MERIDA, Mexico, March 12 (Xinhua) -- The international ecological organization Greenpeace on Monday called on Mexican President Felipe Calderon to pressure his U.S. counterpart George W. Bush to halt exports of genetically modified (GM) rice to Mexico.
Greenpeace, which says GM rice harms human health, made the call in a statement ahead of Calderon's meeting with Bush on Tuesday in Merida, a city in the southeastern Mexican state of Yucatan.
A dozen protestors rallying outside Merida's La Ermita church told Xinhua that they would press Calderon to tell the United States that it must not export food judged unfit for human to other nations.
Bush began a week-long tour of Latin America on Thursday, which includes Brazil, Uruguay, Colombia, Guatemala and Mexico.

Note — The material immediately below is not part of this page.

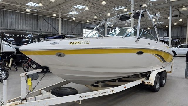 The 2004 Chaparral 230 SSi is a versatile and stylish bowrider, perfect for both leisurely cruises and active watersports. With a length of 23 feet and a beam of 8.5 feet, it offers ample space and stability on the water. The boat is powered by a MerCruiser 350 MAG MPI engine, delivering 300 horsepower, ensuring reliable performance for various activities. Key features of the 230 SSi include comfortable contoured bow seating with fold-up armrests, a full sunpad with walk-through, and snap-in carpet throughout the cockpit. The boat\'s design incorporates Chaparral\'s patented F.A.S.T. Tab hull, enhancing performance and fuel efficiency. For added convenience, it comes equipped with a bimini top, stainless steel hardware, and a tandem axle galvanized trailer. Whether you\'re seeking relaxation or adventure, the 2004 Chaparral 230 SSi offers a blend of comfort, performance, and style for all your boating needs.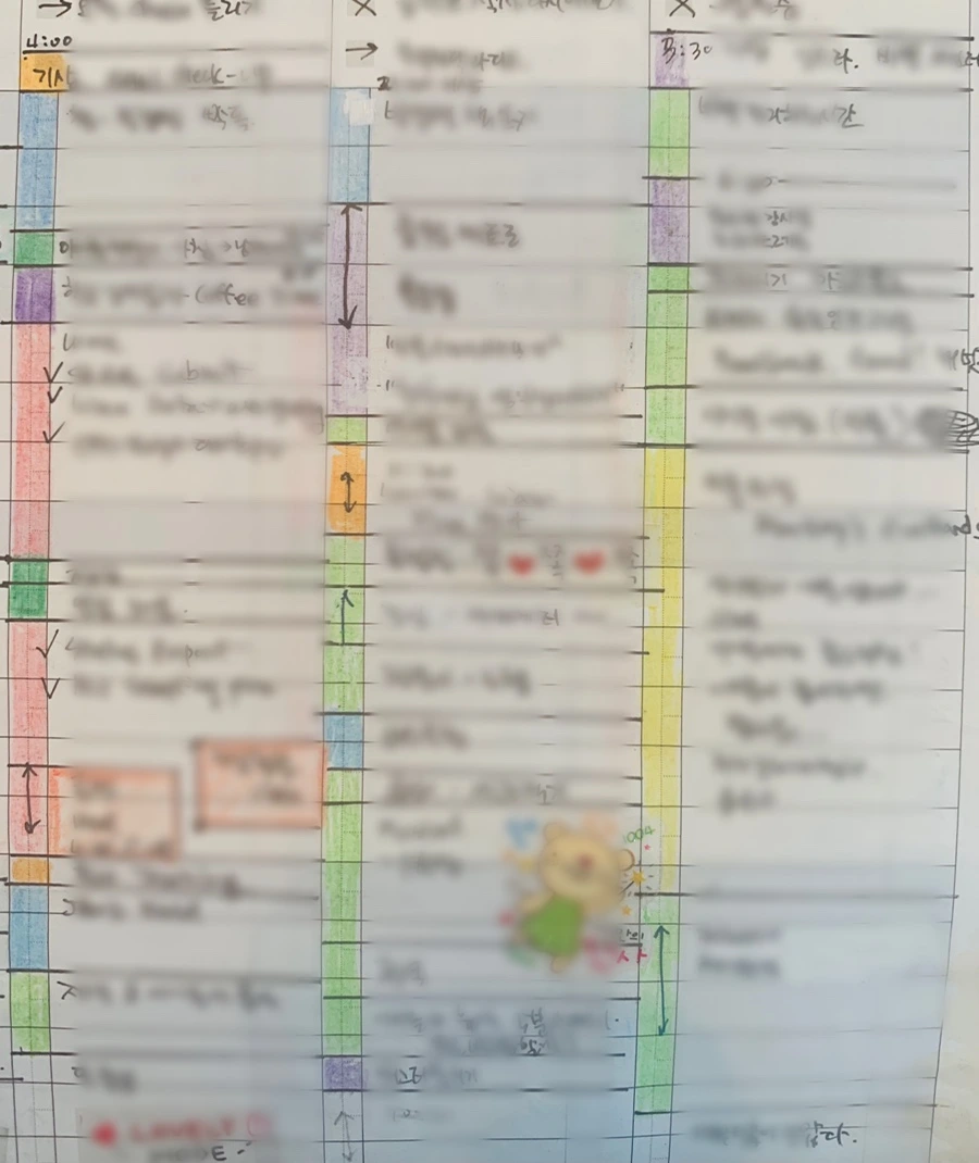 일을 한 날에는 당연히 핑크색이 많이 보이지만, 대신 주말이나 쉬는 날에는 옐로, 그린, 블루, 퍼플 등이 많이 보이지? 충분한 휴식, 취미, 자기계발, 그리고 아이들과의 시간에 많이 할애하려고 했어. 또한 매일의 하루 중에서도 잠시라도 각 카테고리들의 시간들을 조금씩 다 가지려고 노력했단다.

Last week, Greenpeace said that transgenic rice type LL601, created by Bayer, was being sold as own-brand rice from the Soriana company in the northern city of Monterrey and in two Mexico City locations: Chedraui supermarket and the city's wholesale market.
"If rice must be imported from the United States, let it be normal...without the transgenic varieties that our nation has not authorized for human consumption," said Gustavo Ampugnani, Greenpeace coordinator of the anti-transgenic campaign in Mexico.
Ampugnani said that Mexico's health authorities knew about the situation and had taken no measures to protect citizens.
According to Greenpeace data, Mexico imports 70 percent of the rice it consumes, due to a 1999 rice crisis triggered by the increase of U.S. subsidies from 12 billion to 21 billion U.S. dollars.